For something longer and far more depressing, I recommend:
http://geog-www.sbs.ohio-state.edu/faculty/bmansfield/web/paper-pdfs%5CGeoforum-2004.pdf
Here are the first words from the introduction to this academic paper:
To the extent that neoliberalism, with its calls for letting ''the
market'' address myriad social and economic woes, has become the
dominant model for political economic practice today, it should be
expected that environmental governance, too, would be shaped by the
neoliberal imperative to deregulate, liberalize trade and investment,
marketize, and privatize Agnew and Corbridge, 1995; Overbeek, 1993;
Peck, 2001), and evidence of neoliberal approaches to the environment
is easily found (e.g. Anderson and Leal, 2001).

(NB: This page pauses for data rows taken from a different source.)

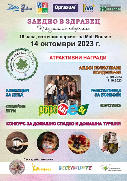 Русенци ще могат да се включат в два кулинарни конкурса с атрактивни награди по време на инициативата „Празник на квартала – Заедно в Здравец“. Тя ще се проведе на 14 октомври /събота/ от 16:00 ч. на източния паркинг на Mall Rousse, а желаещите ще могат да премерят възможностите си в приготвянето на домашни сладка и туршии.
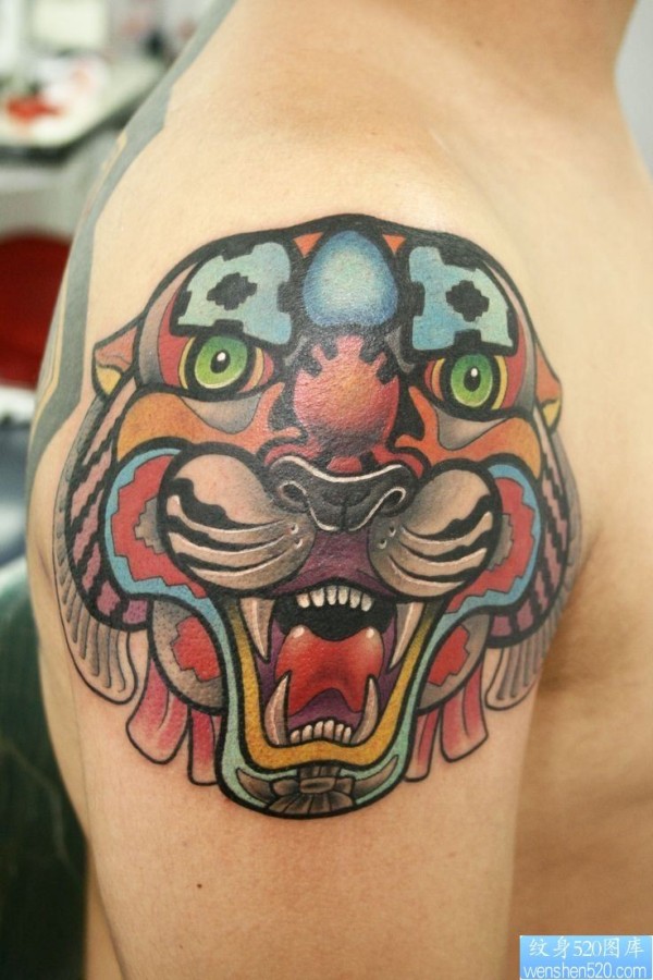 一幅手臂彩色老虎纹身图片由纹身520图库推荐_臂部纹身图案大全_纹身图吧
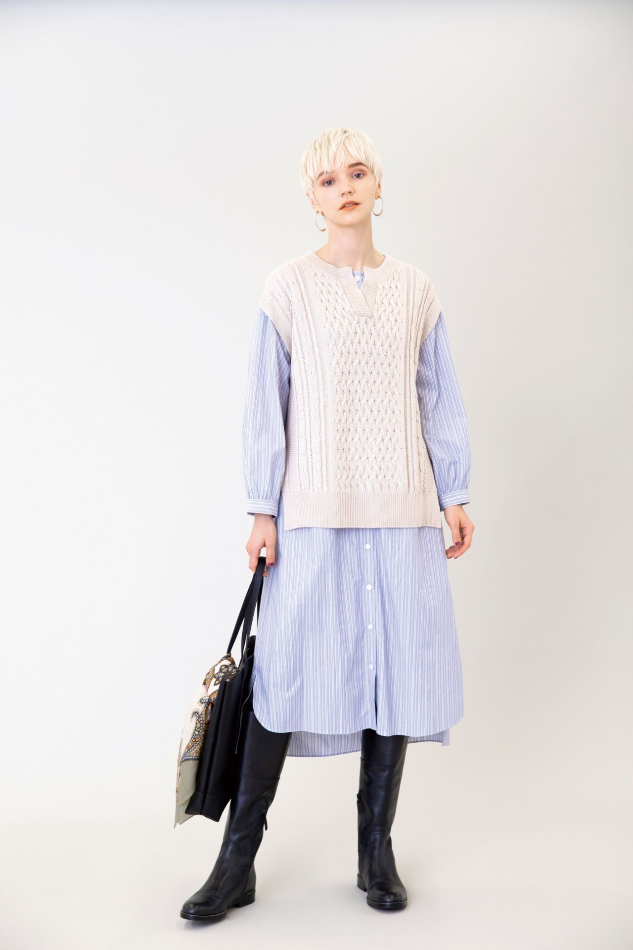 トレンド感のあるニットベストとロングシャツのレイヤードスタイル。
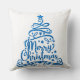 Blauer Glitzer und weißer froher Weihnachtsbaum Kissen
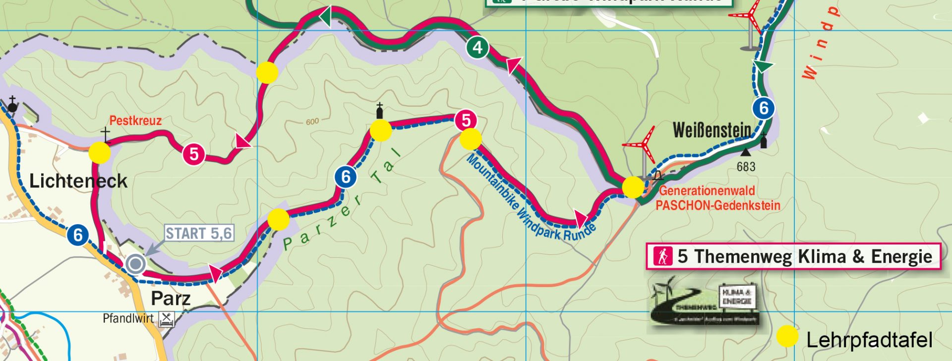 Das Warum und Wieso für den Einsatz erneuerbarer Energie sowie die allgemeinen Grundlagen des Klimas inklusive des Klimawandels wurde mittels eines Lehrpfads verständlich und informativ aufbereitet. Dieser Lehrpfad führt entlang der Strecke von Parz zum Windpark und bietet einen Überblick über die derzeitige Situation der Energiepotentiale und der verfügbaren Technologien im Bereich erneuerbare Energien.
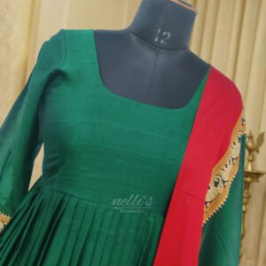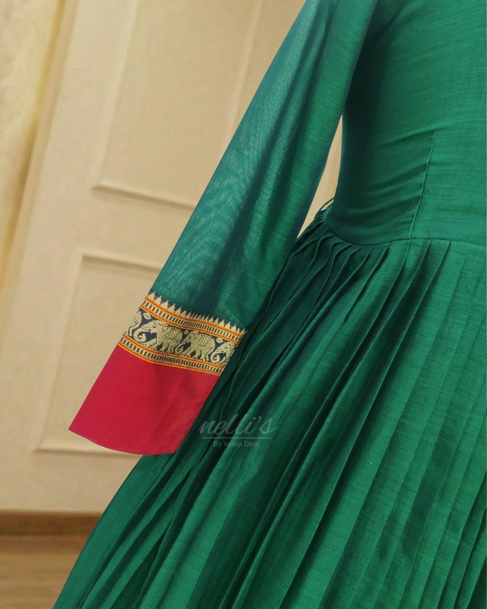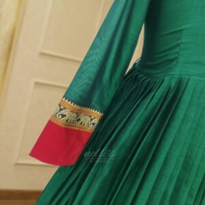 Narayanpet Cotton Elephant Border Dress from Nelli’s by Indira Devi showcases traditional South Indian craftsmanship with elegant ethnic styling. Made from premium Narayanpet cotton fabric, this dress features beautiful woven Elephant borders that enhance its traditional appeal.

And here are a few words from my original post on this topic:
I suspect passage of Magnuson-Stevens is the hook. Why --- because
the Free-Market privatization folks at PERC have recently praised
President Bush for his environmental stand on fisheries
http://www.perc.org/perc.php?id=765 and PERC's Don Leal was recently
appointed to the President's Fisheries council
http://www.perc.org/perc.php?id=751 and because the issue of Ocean
Fisheries privatization is such a high priority for PERC
http://www.perc.org/topics.php?topic=9 and because the political fate
of Magnuson-Stevens has merited recent attention on PERC's website
http://www.perc.org/perc.php?id=795.
And that's not the only hook I suspect. Read the Whitehouse's
announcement and you'll see a lot of talk about cooperative
conservation, building a strong American off-shore aquaculture industry
and more. I suspect we're dealing with at least a treble hook.